DATA:

########################################

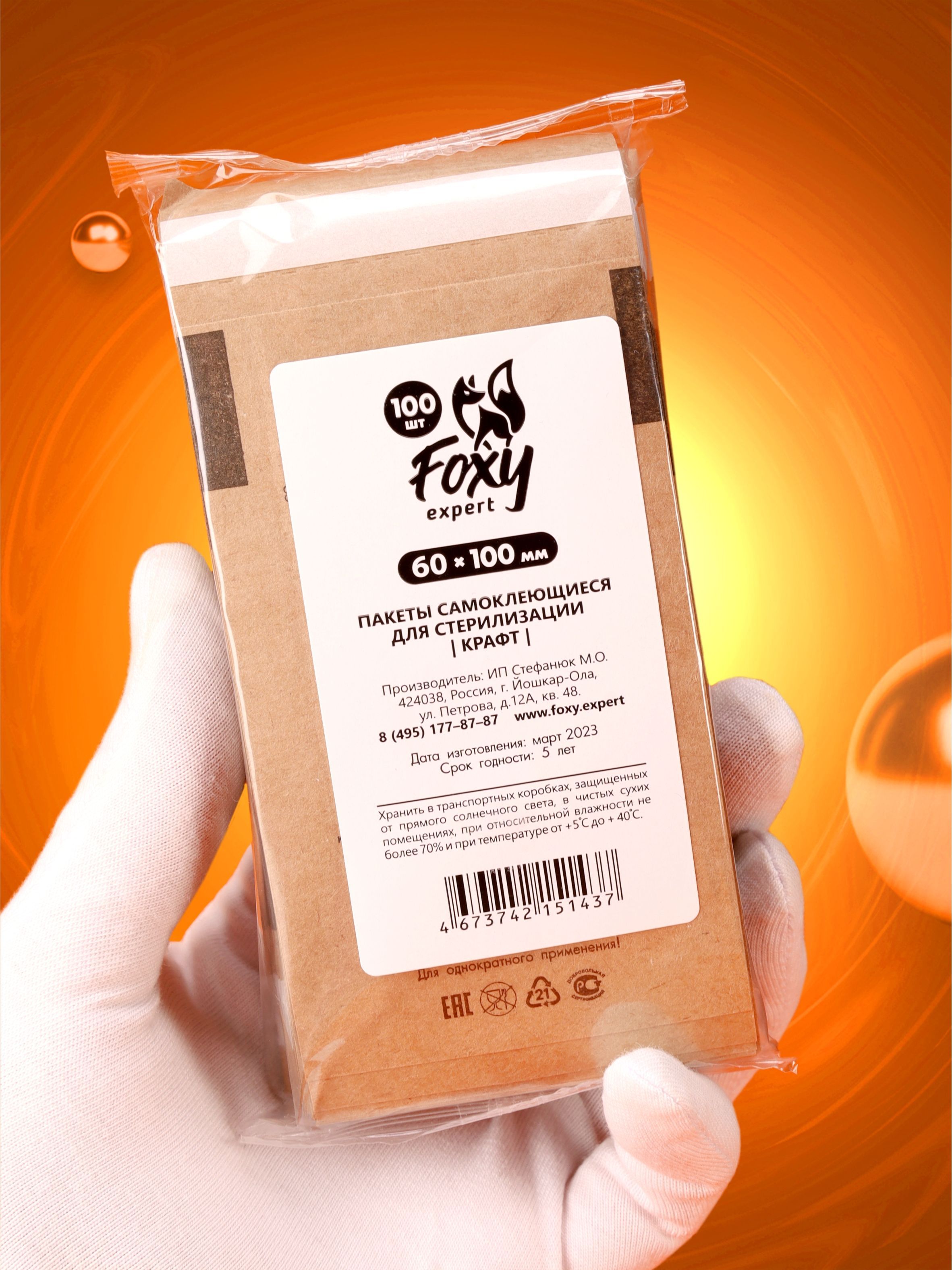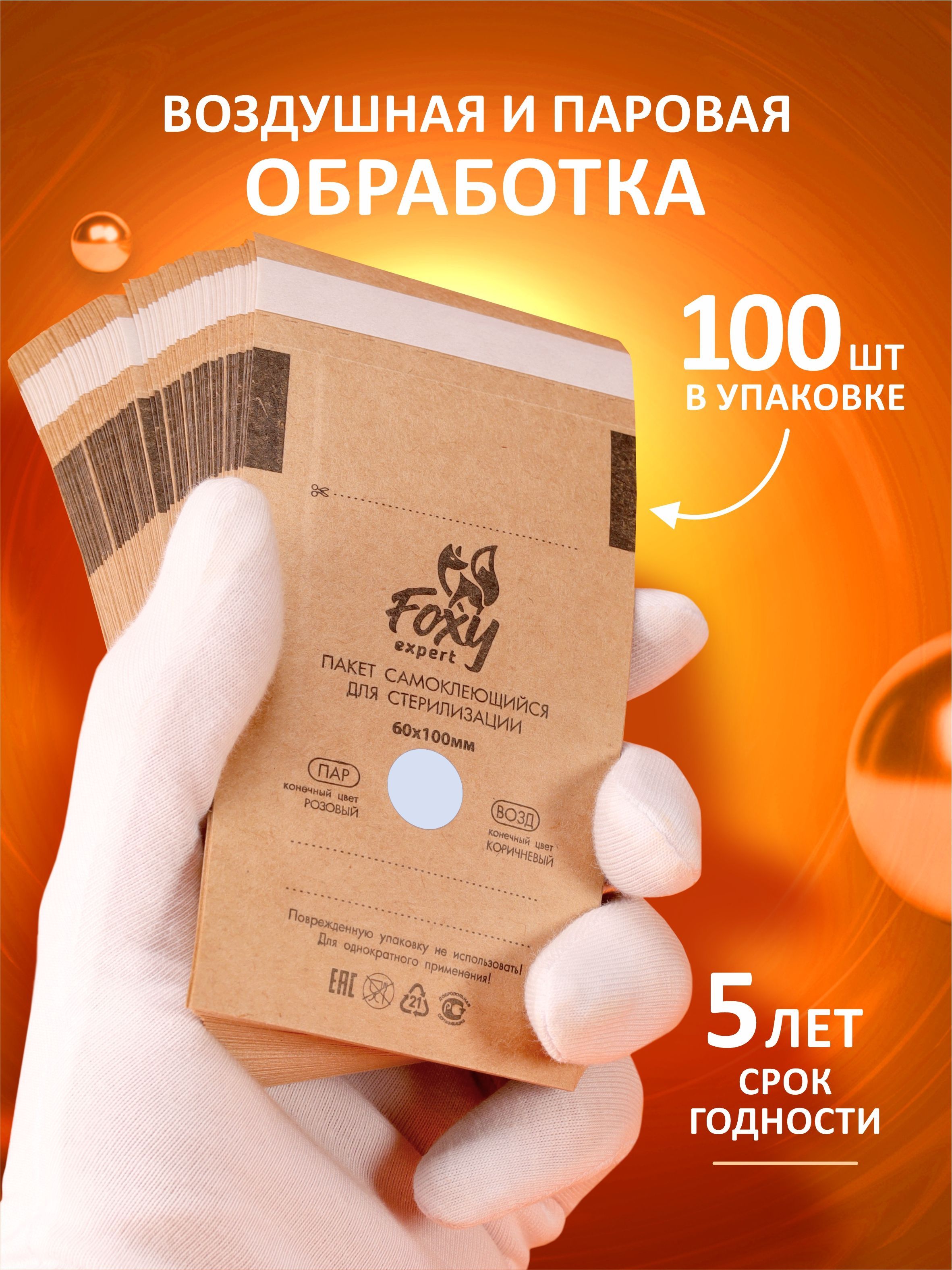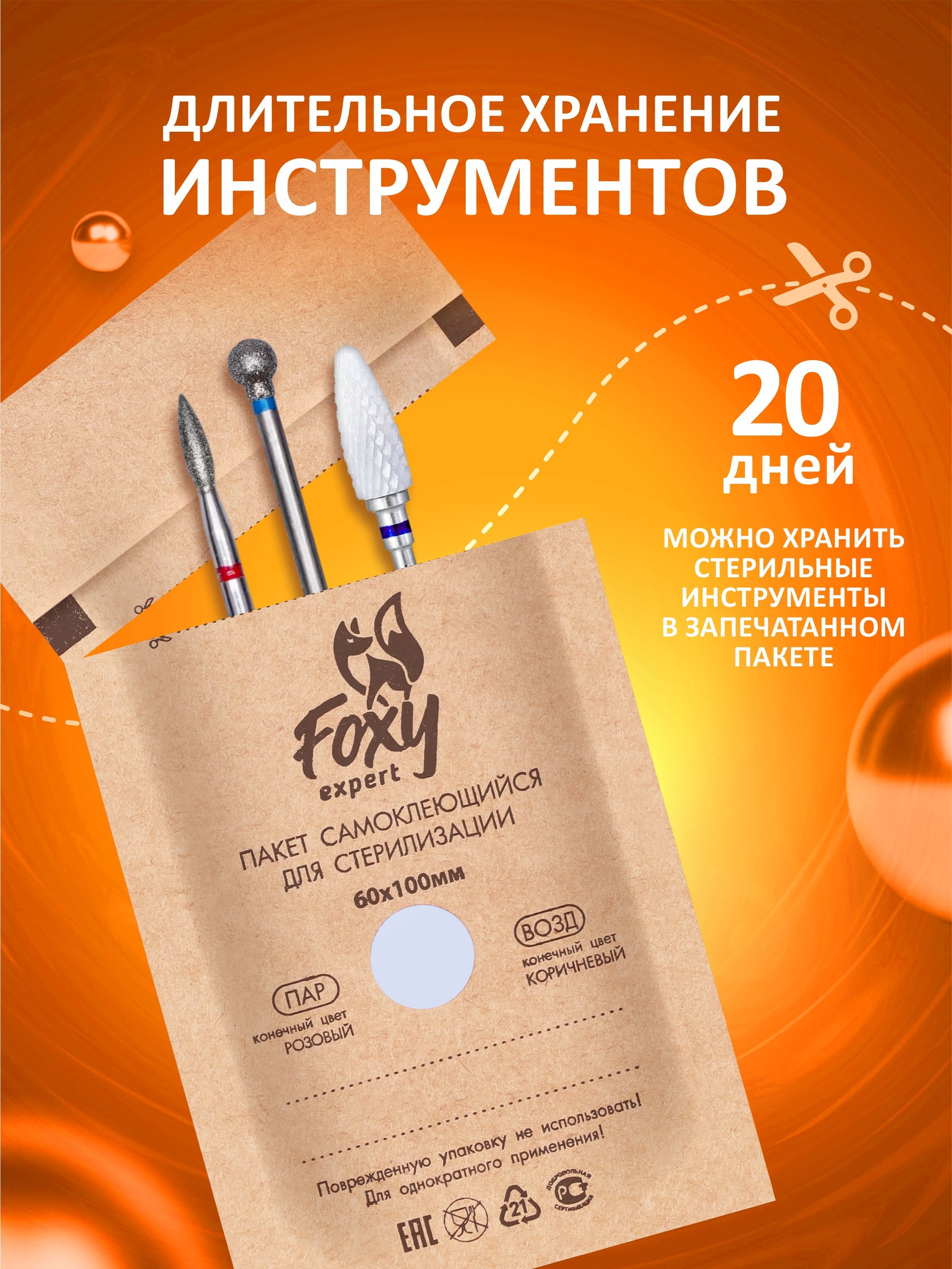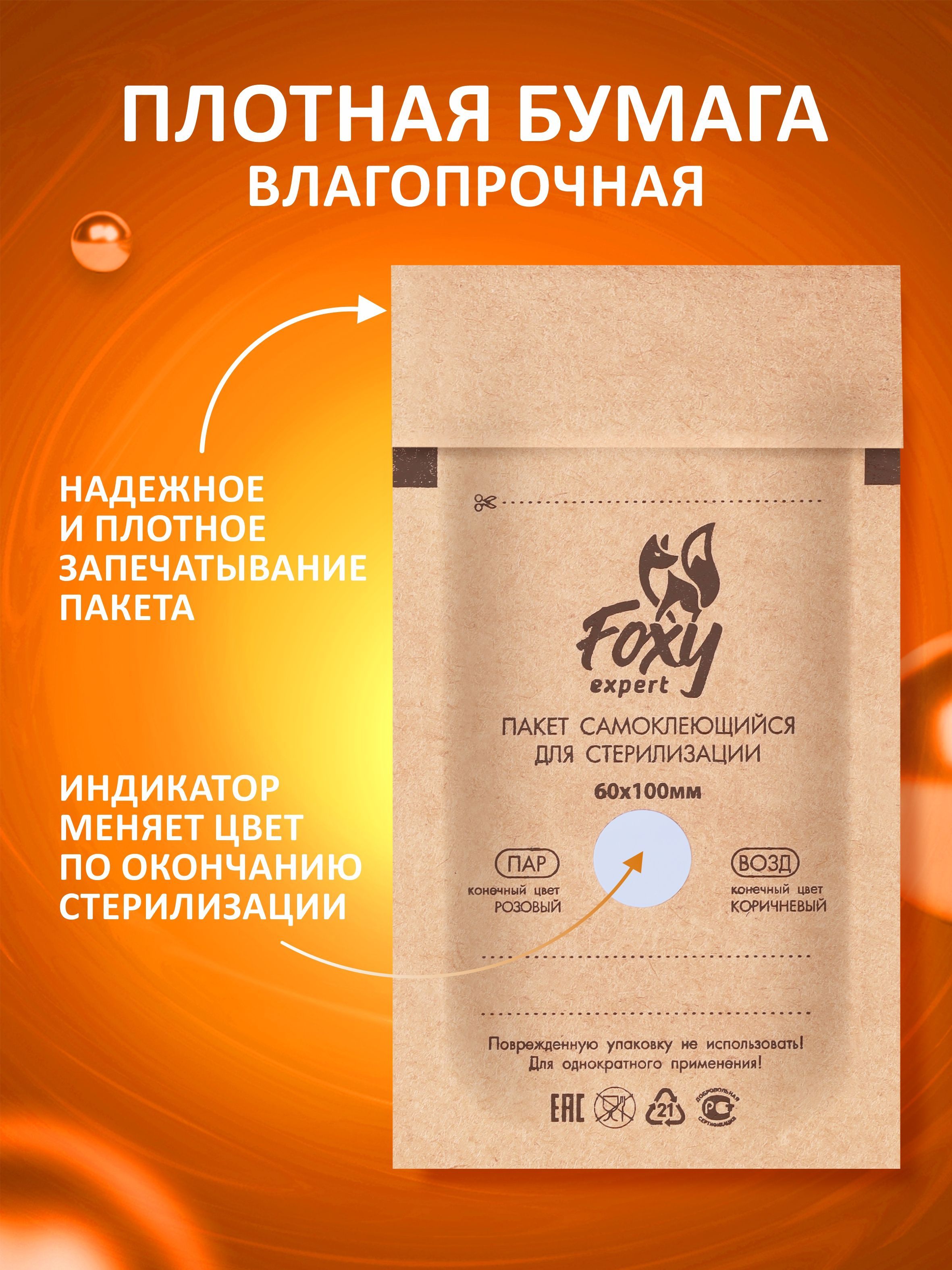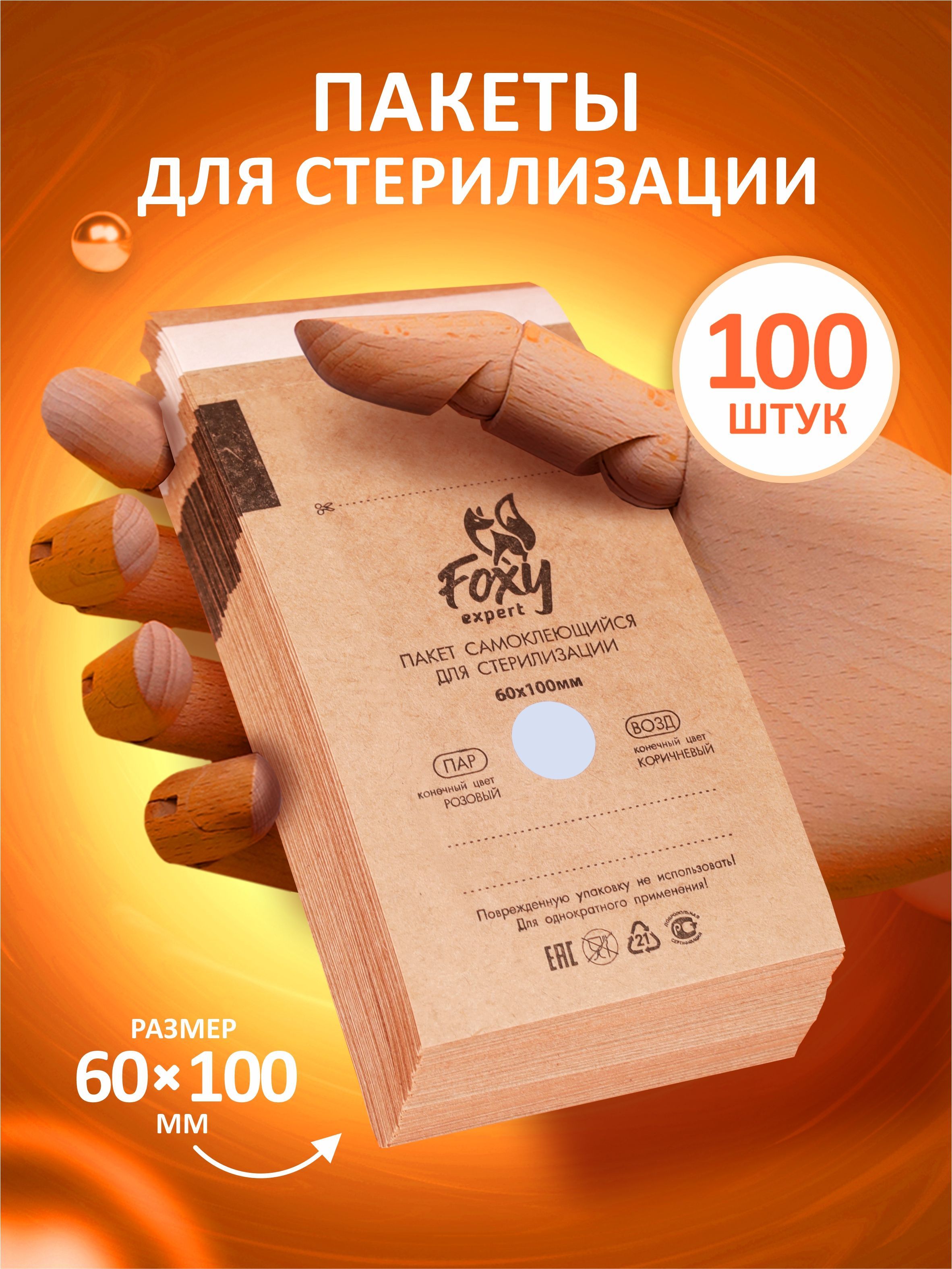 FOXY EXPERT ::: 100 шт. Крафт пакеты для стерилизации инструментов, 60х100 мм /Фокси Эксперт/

########################################

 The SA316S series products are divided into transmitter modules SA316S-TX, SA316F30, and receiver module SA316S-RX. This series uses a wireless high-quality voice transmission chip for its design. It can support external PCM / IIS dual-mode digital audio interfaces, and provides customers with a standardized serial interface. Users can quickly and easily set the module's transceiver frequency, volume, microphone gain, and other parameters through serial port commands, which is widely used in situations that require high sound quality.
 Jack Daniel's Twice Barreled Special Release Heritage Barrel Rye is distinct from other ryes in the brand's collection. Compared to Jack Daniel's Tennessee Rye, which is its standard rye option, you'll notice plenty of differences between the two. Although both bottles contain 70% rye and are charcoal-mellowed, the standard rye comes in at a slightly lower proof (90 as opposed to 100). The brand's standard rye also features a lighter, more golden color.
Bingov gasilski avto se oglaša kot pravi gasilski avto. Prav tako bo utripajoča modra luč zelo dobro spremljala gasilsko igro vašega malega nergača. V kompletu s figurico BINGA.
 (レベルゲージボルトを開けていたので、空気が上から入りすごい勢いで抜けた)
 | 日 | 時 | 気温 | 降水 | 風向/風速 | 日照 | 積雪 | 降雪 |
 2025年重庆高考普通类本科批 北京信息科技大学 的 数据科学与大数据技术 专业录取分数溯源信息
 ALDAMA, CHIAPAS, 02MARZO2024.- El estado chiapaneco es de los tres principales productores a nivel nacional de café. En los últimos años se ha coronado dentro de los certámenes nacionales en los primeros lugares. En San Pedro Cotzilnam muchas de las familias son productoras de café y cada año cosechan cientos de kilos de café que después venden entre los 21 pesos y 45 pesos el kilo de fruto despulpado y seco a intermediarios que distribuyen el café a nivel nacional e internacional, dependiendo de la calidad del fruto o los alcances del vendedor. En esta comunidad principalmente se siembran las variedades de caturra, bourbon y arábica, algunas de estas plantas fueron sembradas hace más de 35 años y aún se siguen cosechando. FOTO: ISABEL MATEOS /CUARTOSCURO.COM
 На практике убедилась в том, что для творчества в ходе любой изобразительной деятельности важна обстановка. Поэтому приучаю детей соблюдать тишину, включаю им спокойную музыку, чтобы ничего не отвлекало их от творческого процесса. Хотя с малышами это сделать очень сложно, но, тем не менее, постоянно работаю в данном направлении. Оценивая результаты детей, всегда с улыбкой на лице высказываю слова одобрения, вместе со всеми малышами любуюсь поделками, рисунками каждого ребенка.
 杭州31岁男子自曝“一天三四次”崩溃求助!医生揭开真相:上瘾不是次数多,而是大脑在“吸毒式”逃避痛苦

########################################

EXERCISE AIM:
Check every line above for the word "which" and copy those that have it.

OUTPUT OF THE EXERCISE:
 The SA316S series products are divided into transmitter modules SA316S-TX, SA316F30, and receiver module SA316S-RX. This series uses a wireless high-quality voice transmission chip for its design. It can support external PCM / IIS dual-mode digital audio interfaces, and provides customers with a standardized serial interface. Users can quickly and easily set the module's transceiver frequency, volume, microphone gain, and other parameters through serial port commands, which is widely used in situations that require high sound quality.
 Jack Daniel's Twice Barreled Special Release Heritage Barrel Rye is distinct from other ryes in the brand's collection. Compared to Jack Daniel's Tennessee Rye, which is its standard rye option, you'll notice plenty of differences between the two. Although both bottles contain 70% rye and are charcoal-mellowed, the standard rye comes in at a slightly lower proof (90 as opposed to 100). The brand's standard rye also features a lighter, more golden color.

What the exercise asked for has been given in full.